Aerodynamic noise problem is considered as a prerequisite for commercial aircraft airworthiness engineering. It is essential embodiment to improve core technical competitiveness of both home and abroad airliner markets. It is also an important guarantee for sustainable development of commercial aircraft in China. The project will deal with and overcome technical difficulties of commercial aircraft aerodynamic noise by the collaborations among high performance computing and applications, applied mathematics and aircraft designs. Based on the Boltzmann equation, Ffowcs Williams-Hawkings (FW-H ) equation and their coupling equations, highly precise and fast large-scale parallel algorithm of lattice Boltzmann method for directly solving aerodynamic noise are presented with parallel mesh generations and adaptive mesh refinements. Loop tiling techniques for exploitation of hierarchical memory in computing nodes and parallel optimization are intensively studied on the domestic Petaflop-scale supercomputer system. Numerical models and computational optimization program of commercial aircraft aerodynamic noise with large scale, high precision, scalability and efficiency will be fulfilled by using more than ten thousands of computing cores. Numerical results will be verified and validated by experimental data.

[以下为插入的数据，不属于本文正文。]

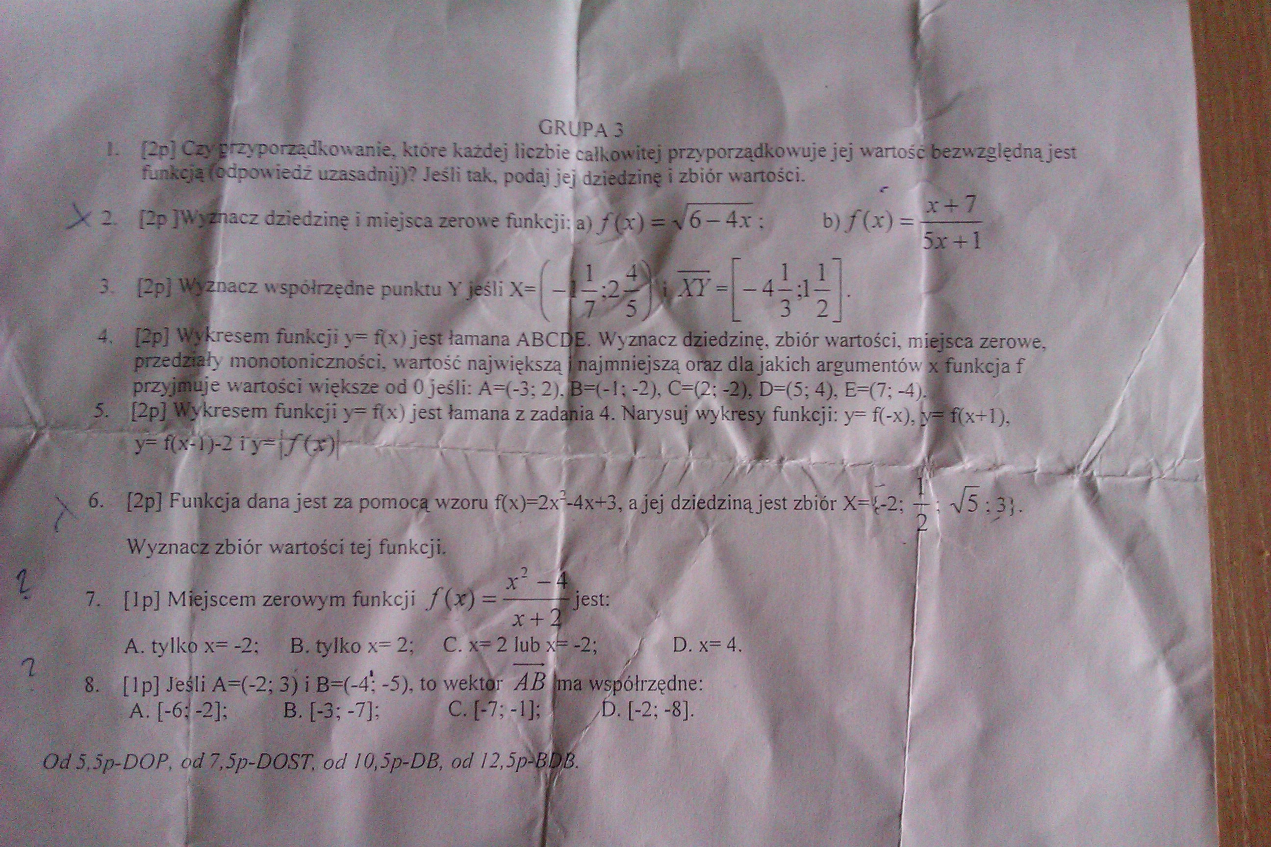 Funkcje !!! Potrzebuję jeszcze na dziś. Pisałem ostatnio sprawdzian z funkcji i niestety go zawaliłem ... Prosiłbym o rozwiązanie jego i w miarę możliwości wytłumaczenie tego w jaki sposób go rozwiązaliście :D Z góry dziękuję :D Zdjęcie sprawdzianu w załączniku.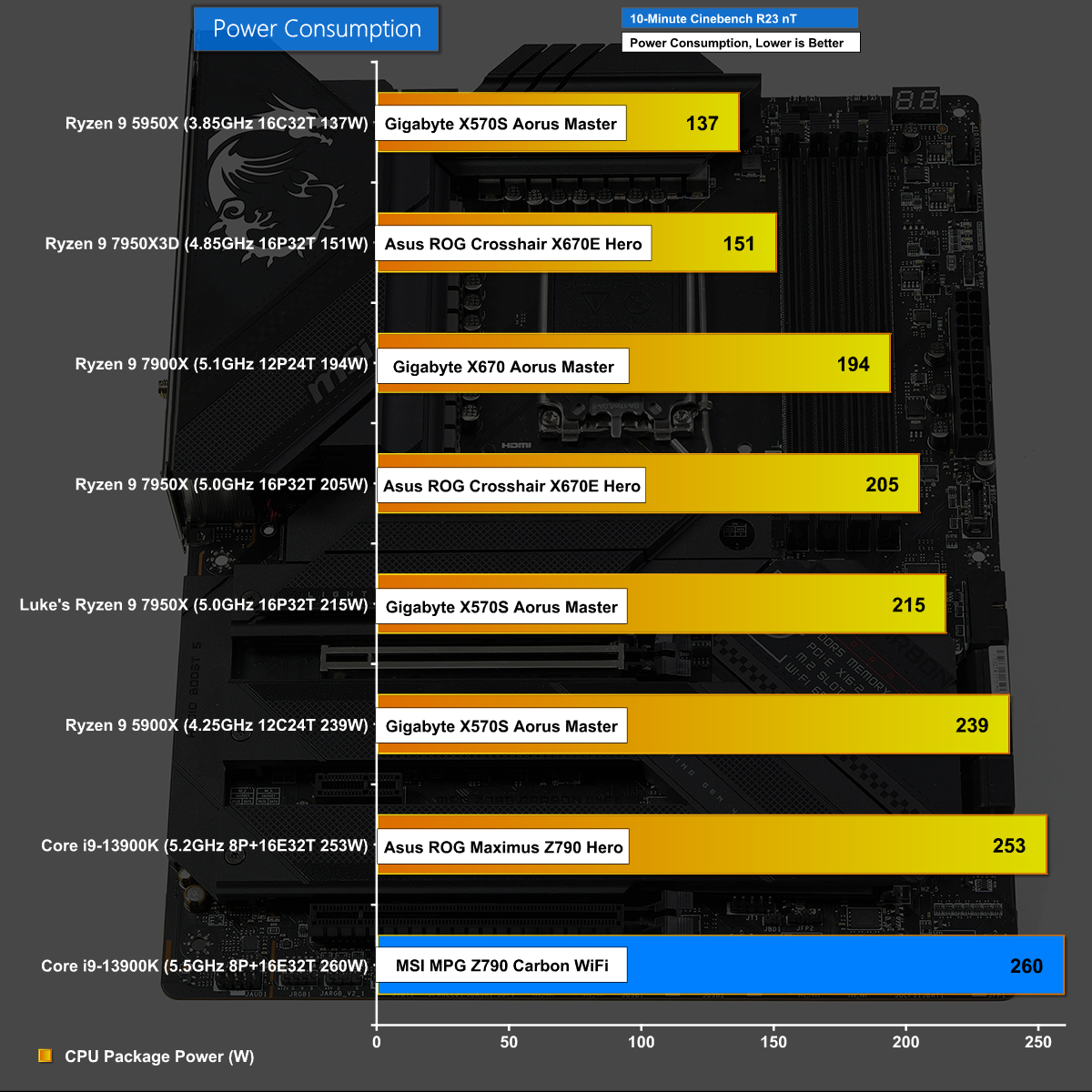 If you refer to our video you will see these Power Consumption figures are on manual settings and while the Core i9-13900K may look poor at 260W it looks positively awful on Auto settings where the power draw tops 300W.

An applied software system of computational commercial aircraft aerodynamic noise will be developed, applied to numerically simulate practical problems of commercial aircraft aerodynamic noise, and finally used to provide effective technical support for the development of commercial aircraft.

气动噪声问题是大型商用客机适航工程顺利推进的先决条件，是提高我民航客机市场竞争力核心技术的根本体现，更是我国大型商用客机可持续发展的重要保障。本项目联合高性能计算、应用数学和飞行器设计等领域研究人员，通过协同研究攻克客机气动噪声技术难点。本项目将基于Boltzmann方程，发展与FW-H方程耦合求解的大规模、高精度、快速并行求解算法、气动噪声的直接求解格子Boltzmann方法、网格快速并行生成及自适应网格加密技术，并面向P量级超级计算机系统开发相对应的计算节点层次存储架构和并行优化的循环分块方法，在国家超算中心P量级超级计算机上，实现大规模、高精度、快速高效的商用客机气动噪声数值计算和程序优化，计算核数达十余万核量级，并通过实验数据验证计算方法和确认计算结果。研制出适用于商用客机气动噪声计算的软件系统，并应用于商用客机气动噪声实际问题的数值模拟，最终为商用客机研制提供有效地技术支撑。

气动噪声问题是大型商用客机适航工程顺利推进的先决条件，本项目基于格子Boltzmann方法（LBM），引入多松弛时间和大涡模拟模型，建立了适用于高雷诺数情况下的大规模可扩展的LBM-MRT-LES并行算法，并研究了无反射的消声边界条件，保证了流场计算的精确性。在流场计算的基础上，结合FW-H声传播方程，建立了LBM-FW-H大规模流场-声场耦合计算模型。为计算有着不同复杂几何外形的物体，项目组开发了基于OpenMP和MPI的多层网格LBM算法，能够快速有效地生成LBM计算网格，并进一步地开发了在计算过程中根据物理量的变化动态调整多层网格的网格自适应加密技术，有效的减少了冗余网格量，提高资源利用效率。项目组面向国产超级计算机“神威·太湖之光”对LBM-FW-H耦合计算模型进行了并行优化，开发了主核和从核的两级并行模式、高效的并行I/O技术、LBM中代码的向量化优化以及减少共享Cache资源竞争的并行任务分配和调度策略，提高了算法的并行效率和可扩展性，13万核时可以保持94%的并行效率，百亿网格计算量时并行效率可以保持90%以上。应用LBM-FW-H耦合模型对经典气动标模进行流场和声场的计算，结果表明该耦合计算模型能够精确的计算近场及远场的噪声，项目组进一步应用该耦合模型对某民机全机模型进行了计算，在国内首次获得了真实商用飞机全机的噪声计算结果，并与中国商飞上海飞机设计研究院实验结果吻合。项目组构建了包含声场和流场的计算以及可视化的商用客机机体气动噪声数值计算平台，平台具有友好的流场及声场计算用户界面，并已经将平台用于商用客机的数值计算和噪声分析。